» **Directions**
Would you transcribe the records below from the line with "This is a listing" to the line with "Vendo splendido servizio", ends included, exactly and with nothing more, leaving the pictures out?

□ □ □ □ □ □ □

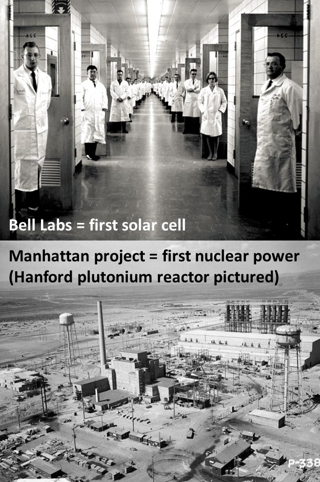 Let’s stick with power generation. When I look for the most recent example of a carbon-free power generation technology that reached mass adoption, I have to go all the way back to the 1950s. In 1951, scientists hooked a steam turbine up to a nuclear reactor and made emissions-free electricity (nuclear fission has its downsides, but “CO2 emissions” isn’t one of them). Three years later, researchers built the first practical solar cell (a photovoltaic with >1% conversion efficiency). Since then: nothing. How were these breakthroughs born?
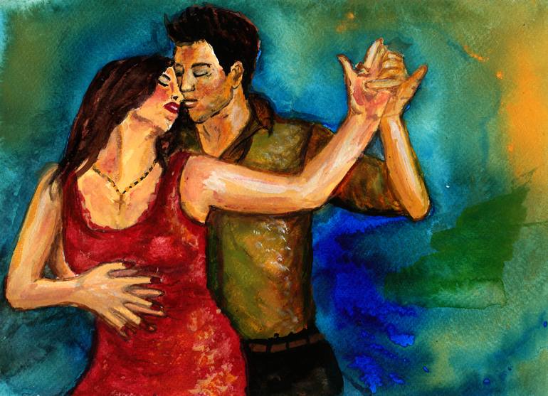 Two tango dancers take to the stage for a sizzling embrace under the dance floor lights. Inspired by the passion and flare of tango dancing.
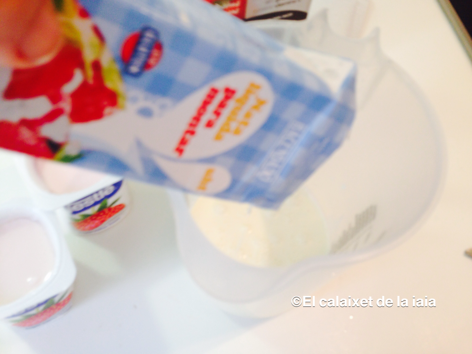 añadimos tres cucharadas de azúcar los dos yogures de fresa ,75g de leche condensada y batiremos
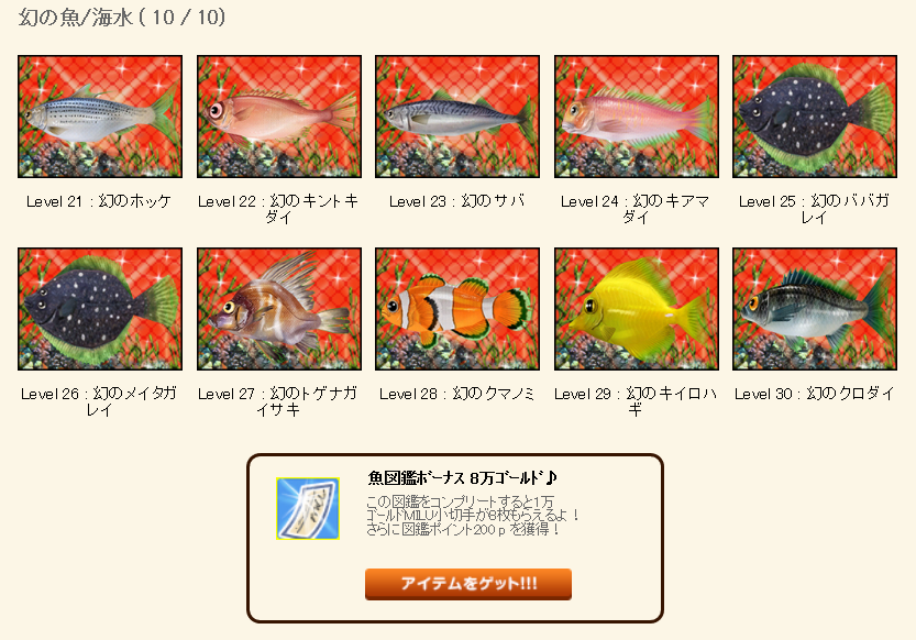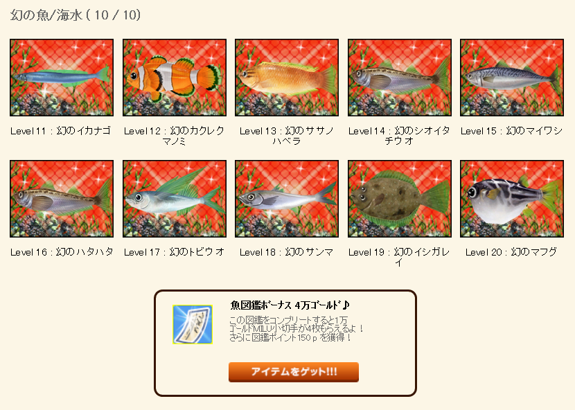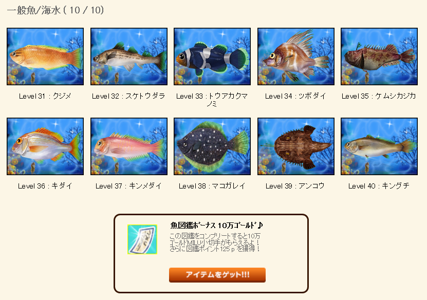 | 魚図鑑完成おめでとうございます(≧∇≦)b |
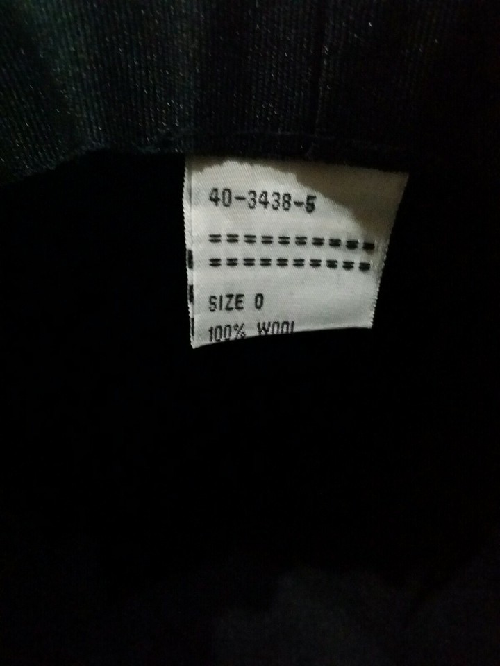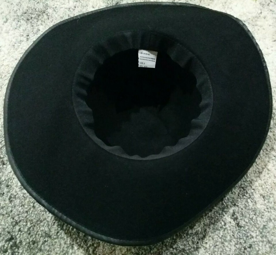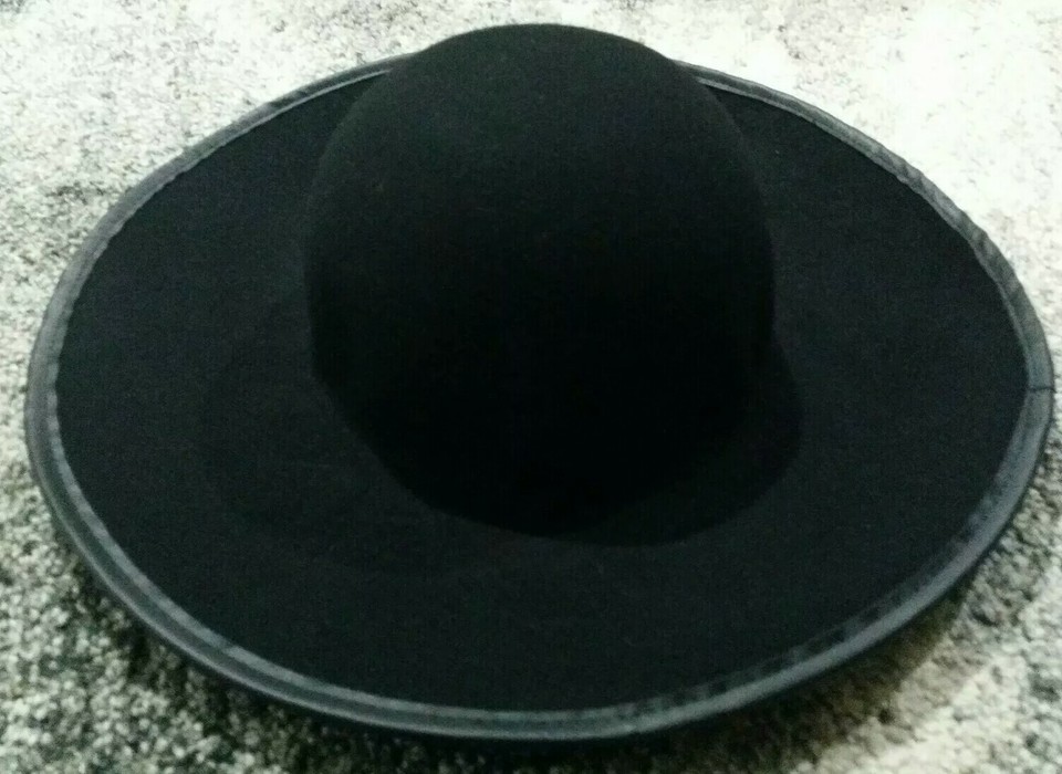 This is a listing for a pre-owned women's vintage Wide-Brim Black 100% Wool Felt Hat with Faux Leather around the brim as pictured.
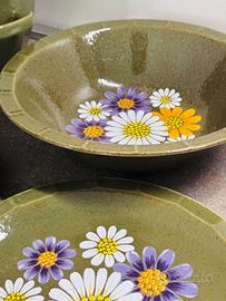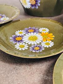 Vendo splendido servizio vintage anni ’70 con decorazione floreale multicolore su base verde oliva, decorato a mano.
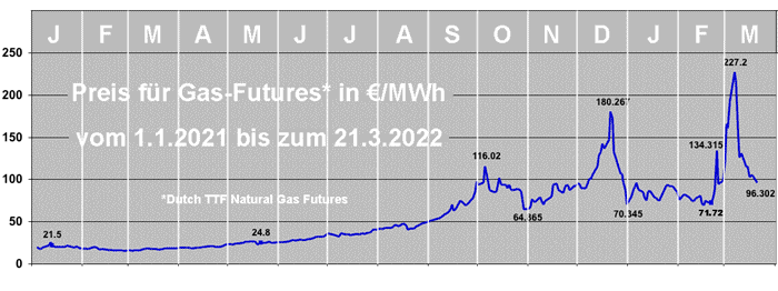 Diese doppelbödige Botschaft konnte als Drohung wie als Entwarnung verstanden werden. In der aktuellen Situation trug sie offenbar dazu bei, dass der Gaspreis am nächsten Tag wieder sank. Und während nun auch rund hundert Abgeordnete aus allen Fraktionen des EU-Parlaments ein Embargo für russische Gas- und Öleinfuhren verlangten, sank er kontinuierlich weiter, bis er am 21. März mit 96,30 Euro/MWh wieder zweistellig war.
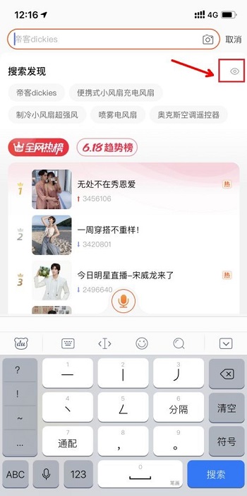 2、然后在“发现搜索”界面,点击右边的小眼睛图标。
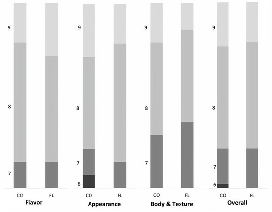 The sensory panel was composed of 14 participants aged from 22 to 65 years. The panelists were requested to record their opinion on the flavor, appearance, and body and texture of 12 cheese samples from each group, cut into small cubes with a 2 cm3 mass. All parameters were set up on a hedonic scale from 1 (negative perception) to 9 (positive perception). The scale from 1 to 3 corresponded with low level of acceptance, from 4 to 6 with acceptance, and from 7 to 9 with very high acceptance. Panelists were also asked to record supplementary comments if necessary. Each participant provided scores for all samples from both treatment groups.
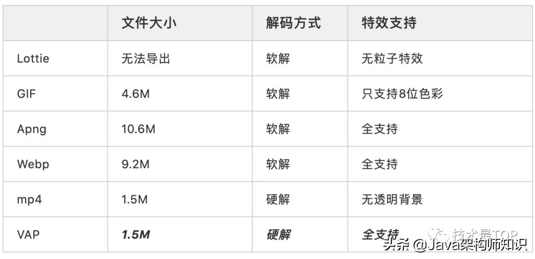 动画越酷炫,对素材大小与解码性能要求越高,调研了很多方案,先给对比表:

□ □ □ □ □ □ □

» **Response area**
 This is a listing for a pre-owned women's vintage Wide-Brim Black 100% Wool Felt Hat with Faux Leather around the brim as pictured.
 Vendo splendido servizio vintage anni ’70 con decorazione floreale multicolore su base verde oliva, decorato a mano.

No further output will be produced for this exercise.